The same applies when you are doing powerbag or sandbag work. The grid system can help indicate body position and where the user should be aiming to place/slam or drop the bag. An example would be placing the bag down in the centre of the grid and performing lateral jumps back and forwards.
A compass marking would generally be used in a similar way to the grid we’ve mentioned above. For exercises where there are lots of twisting and rotational movements, a compass can offer more detailed guides to the user about the angles and positions their body should be in. ViPR loaded movement training is a type of exercise that utilises these rotational, lateral and medial movements which, can be assisted in the early stages with a compass as a reference point on the floor.
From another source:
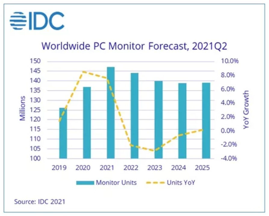 智通财经APP获悉,IDC发布报告称,伴随着强劲的终端需求,缺货的压力在二季度持续影响PC显示器市场。2021年第二季度,全球PC显示器出货量超过3,500万台,同比增长11.2%。一方面,上游电子配件尤其IC缺货严重,导致显示器市场供不应求;另一方面,运输成本的上升和物流方面的挑战也加剧了PC显示器缺货。同时渠道商对缺货的恐慌情绪等多种因素促使二季度PC显示器价格持续上涨;此外,IDC预计,2021年全球显示器的出货量将超过1.47亿台,达到2012年以来的历史新高。预计未来几年销量将逐渐减少,2025年全球显示器市场规模维持在1.39亿台。

In the world of functional training, the focus on body weight and dynamic movements and exercises means tools like these can make a huge difference to workout progressions and user safety.
5. Sprint Track
A sprint track is something that, despite its name, is not often used for sprinting in a gym environment. More common uses of a sprint track within a functional gym, include walking exercises like lunges or farmer’s walks to mark out the route for safety. Depending on the flooring type, a sprint track might also be used for sled work or tyre flips.
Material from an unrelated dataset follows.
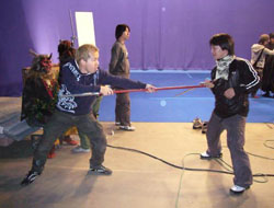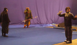 Taking his actors and stuntmen aside, Tanigaki tried out swordplay combinations with a casual speed, fluidity and concentration, like a chess master running through familiar openings while looking for interesting variations. Veteran stuntman Takahito Ouchi, who was playing Hoichi in action scenes, instantly followed Tanigaki's lead, while suggesting ideas of his own. Within five minutes, they had worked out and rehearsed a complex series of moves that Ouchi was soon performing flawlessly for the camera.

There are a host of dynamic stretching and plyometric exercises for which the sprint track is ideal. However, for the majority of facilities that have installed this type of design, it is used as a way to designate floor space for exercises that require extra room for movement.
Other essential markings: Distance Measurement and Ladders
Measurement markings can be made on the floor to allow trainers to measure progression in areas like flexibility and explosivity. As well as using markings to assess general strength and stability in different positions, trainers can make use of specific markings to give an indication of progression in tests such as standing long jump and the two and three hop tests for horizontal power.
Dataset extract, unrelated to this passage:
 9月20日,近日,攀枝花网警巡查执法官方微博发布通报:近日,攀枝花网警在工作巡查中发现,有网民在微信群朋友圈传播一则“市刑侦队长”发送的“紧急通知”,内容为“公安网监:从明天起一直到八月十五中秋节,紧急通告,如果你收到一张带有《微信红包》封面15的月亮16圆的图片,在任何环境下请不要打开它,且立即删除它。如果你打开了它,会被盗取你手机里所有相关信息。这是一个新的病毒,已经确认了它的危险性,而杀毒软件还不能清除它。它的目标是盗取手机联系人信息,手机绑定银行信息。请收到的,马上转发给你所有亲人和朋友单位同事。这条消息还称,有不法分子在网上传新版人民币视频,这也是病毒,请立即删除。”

Depending on the distance available, these can also be used to measure an athlete's throwing or pushing distance, and used as markers over time.
Ladders are a great training tool for sports where agility plays a big role. Football, tennis and basketball are only a few examples of sports in which agility ladders are regularly used to practice fast feet exercises.
Markings on the floor save space when it comes to setting up and taking down this type of equipment. They can also be a great indicator for positioning of similar pieces of kit like mini hurdles making sure they are all spaced evenly.
Although it’s not exactly related to a specific exercise, the designs printed on a functional floor space can be used to separate a space into distinct zones or areas; a sprint track is ideal for cordoning off an area which might be used for exercises that are dangerous to other gym users, for example medicine ball throws, kettlebell swings, or power rope movements. In general, all markings can be used to designate spaces and maintain order and safety in an open, unsupervised gym space where functional exercises are encouraged.
To find out more about how you can use floor markings to organise your group sessions, read our "Using Gym Floor Markings to Enhance Your Circuit Sessions" article.
Special Flooring Types
The same way functional flooring markings serve as aids for specific exercises, special flooring types can also be used to create zones or encourage different training styles.
An incredible popular addition to many CrossFit boxes, or functional training areas, is an artificial turf track that can be used for pushing heavy prowlers or sleds along without causing damage to the flooring or equipment.
The same can be said for high impact rubber floor tiles which are ideal for high impact training such as weight lifting. Stretching spaces are another popular zone which can be created using specific floor types. Either simple matting or softer EVA floor tiles can make it an inviting area to sit down and stretch as part of a warm up/cool down or a flexibility workout.